Here’s the thing: there are nearly an infinite number of tree structures, and it’s not practical to measure how good or bad they are one by one and then pick the best. So, we still need to adopt a little strategy, which is to gradually learn the best tree structure. This is the same as the decomposition of the K tree model into a tree to learn, but from a tree to a layer of nodes. If you’re still a little confused, don’t worry, let’s take a look at the learning process. Take the example we mentioned above of determining whether someone likes computer games. The simplest tree structure is a tree of one node. We can figure out how good or bad this one-node tree is obj star. Suppose we now want to fork the single-node tree by age, we need to know: 1. Is the age division valid, that is, does it reduce the value of OBj? 2.

To answer these two questions, we can rank the five members of the family by age. As shown below:





29.PNG

By scanning this graph from left to right, we can find all the points of segmentation. For each identified sharding point, we use the following criteria to measure the quality of sharding:





27.PNG

The Gain is actually the obj* of a single node minus the tree OBj * of the two nodes after segmentation. If the Gain is positive and the value is larger, it means that obj* after segmentation is smaller than obj* of a single node, and it is more worthy of segmentation. At the same time, we can also observe that if the left half of Gain is smaller than the gamma on the right, then Gain is negative, indicating that OBJ becomes larger after segmentation. In fact, γ is a critical value here, and the larger its value is, the more stringent requirements we have on the decrease of OBJ after segmentation. This value can also be set in XGBoost.

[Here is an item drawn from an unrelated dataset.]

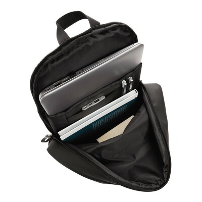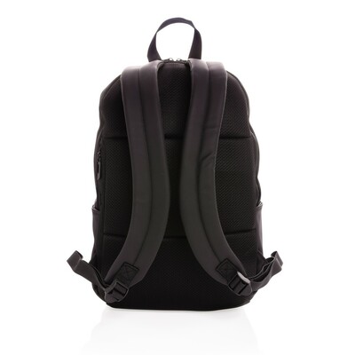 Plecak na laptopa 15,6″, przestronna przegroda główna, wewnątrz 2 kieszenie i 2 pętle na przybory do pisania, miękki tył, regulowane paski na ramiona, wnętrze z poliestru 210D, na zewnątrz PU, nie zawiera PVC, ślad węglowy produktu: 3,03 kg CO2

After the scan, we can determine whether to shard or not. If we shard, we can get a relatively good tree structure by recursively calling the shard process for the two nodes that are shard.

Note: The shard operation of XGBoost is not the same as the normal decision tree shard. Ordinary decision trees do not consider the complexity of the tree during the cutting, but rely on the subsequent pruning operation to control. Xgboost takes into account the tree’s complexity when it shard, that gamma parameter. Therefore, it does not require a separate pruning operation.

You’re done

Once the optimal tree structure is found, it is easy to determine the optimal leaf node. We succeeded in finding the t-th tree! Scatter flowers!!